僕にとって自分の曲は名刺代わり。前作は特にそうでしたが、僕はトラディショナルなものをルーツとして影響を受けていますが、それも含めて自分のカラーを提示したい。オリジナルだとその人の個性が出てくるし、個性を感じてもらえる。でも、それはスタンダードを愛しているからこそできるわけで、スタンダードを知らずに曲は書けない。いろんな歴史を知ったから、少しずつですけどようやく自分の曲を書けるようになってきたのかなって感じています。
―なるほど。
海野:だって、「こんなの誰も考えたことないだろう」ってコード進行で粋がっていたところに、「100年前に同じような曲があるよ」と言われたりしたら恥ずかしいじゃないですか。ジャズには深い歴史があるわけで。
―「All The Things You Are」みたいな曲のことですよね。
海野:そうです。あんなのぶっ飛んでいるじゃないですか。今でも難しい曲ですからね。
海野雅威トリオ(Photo by John Abbott)
―昔の曲にも新しく聴こえるものがあるし、アート・テイタムみたいな信じられない技術もすでにあったりしますし。
海野:古代エジプトのピラミッドが現代の技術をもってしても造れないという話と一緒で、「今のほうが新しくて優れている」みたいな価値観で生きていると、しっぺ返しに遭うこともある。過去から怒られるみたいな。先人の技術が現代人をはるかに超えていることもあるし、そういうものに支えられて今我々は生きていられるんですよね。だから音楽でも新しいものほど価値があるという価値観には昔から疑問を持ってきました。もちろん過去がベストという懐古主義では全くないのですが、真摯に生きていく上で歴史から学ぶアティチュードの問題だと思います。

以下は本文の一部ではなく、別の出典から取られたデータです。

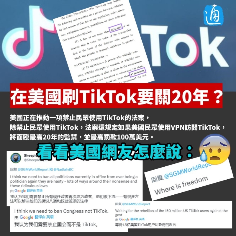 在美國刷TikTok要關20年?看看美國網友怎麼說……香港新聞網3月31日電 美國正在推動一項禁止民眾使用TikTok的法案,除禁止民眾使用TikTok,法案還規定如果美國民眾使用VPN訪問TikTok,將面臨最高20年的監禁,并最高罰款100萬美元。 出於“某些”原因,美國主流媒體對此并未做過多報道,但卻并不妨礙這一話題在海內外社交媒體上成為熱搜。美國網友對此表示相當憤慨,有網友甚至留言:“等待1.5億美國TikTok用戶的反抗。”有中國網友則調侃該法案“很美式自由。”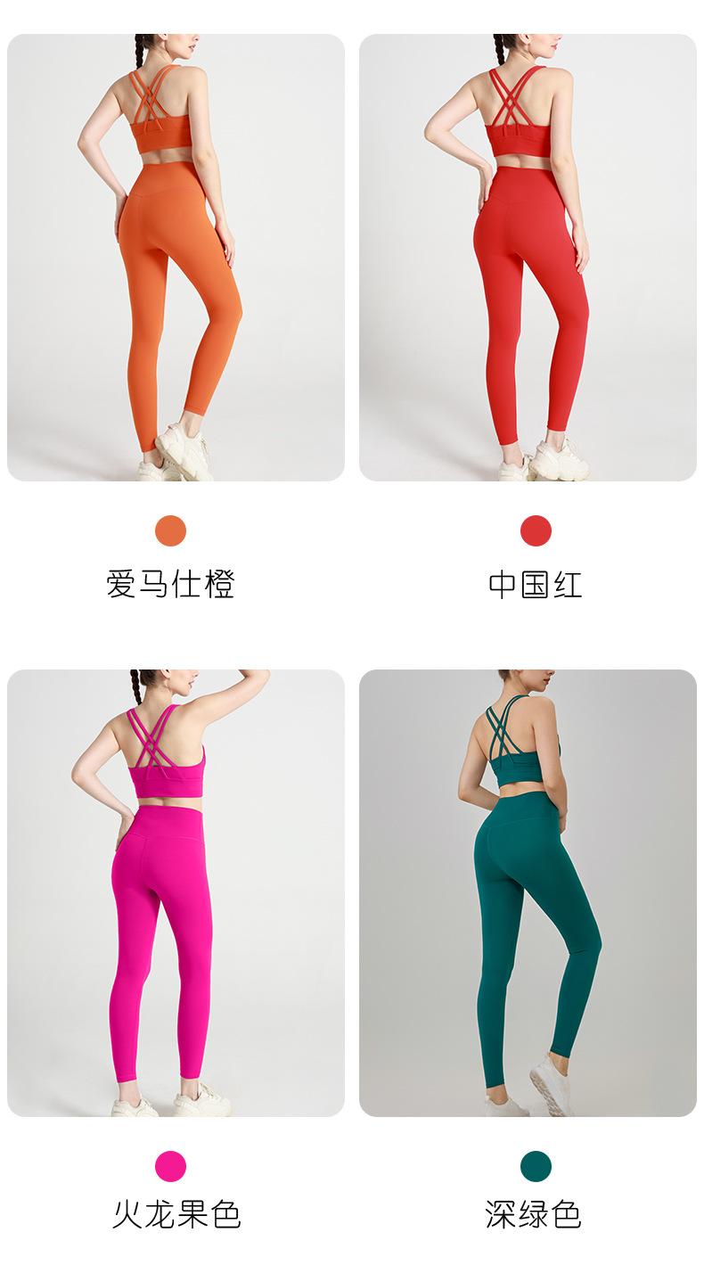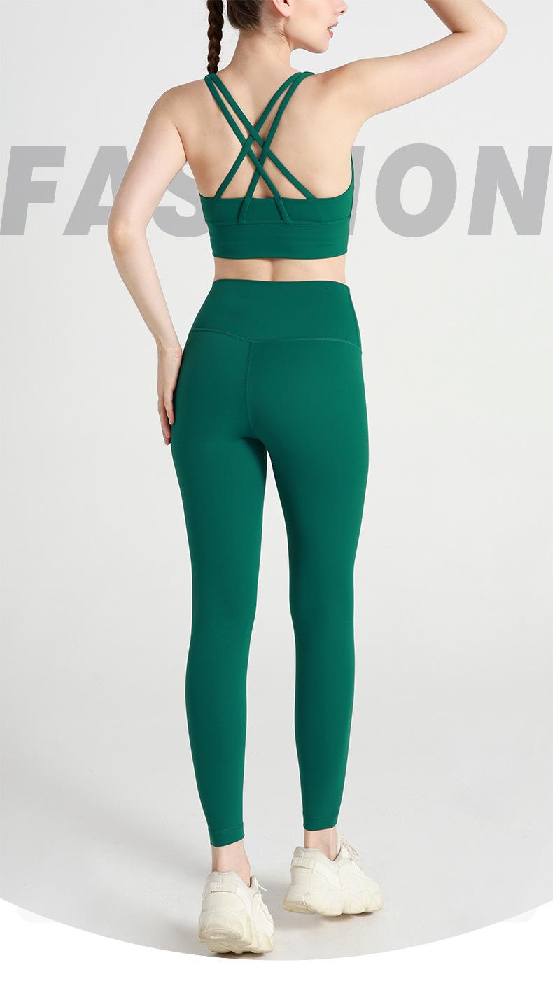 Conjunto de ioga de verão com costas cruzadas, calças de ioga de cintura alta europeias e americanas, roupas esportivas de ioga de duas peças

ロイ・ハーグローヴがなぜあらゆるレジェンドに愛され、しかも時代の寵児でいかにゲームチェンジャーだったかも結局全部この事に集約されるんですよ。ロイは誰よりも音楽を愛し、深いルーツに根ざして、先人をリスペクトしていましたから。古い、新しいで音楽を捉えていないロイのような稀有な存在がいつも時代を変えていくんだと思います。
僕はそんなロイに最後に期待してもらったメンバーなので、自分自身もその経験や教えを実践していきたいんです。事件で大怪我を負った時に、こんなところで終われないって強く思ってリハビリに懸命に励みましたが、いろいろな奇跡が重なって医者もびっくりするぐらいに早く復帰することができました。その要因の一つは、きっとロイやハンク、ジミーなど僕を愛してくれた人に対して、僕が音楽をし続ける事で恩返ししたいという思いもあったからです。小さい頃から好きな事に真っ直ぐに音楽をしてきましたが、気がつけばそれはありがたいことにほとんどの人が経験できないディープな世界に入っていて、それが僕の個性にもなっていきました。これから先、どういうふうに自分の音楽が変化していくのか、自分自身でも楽しみにしています。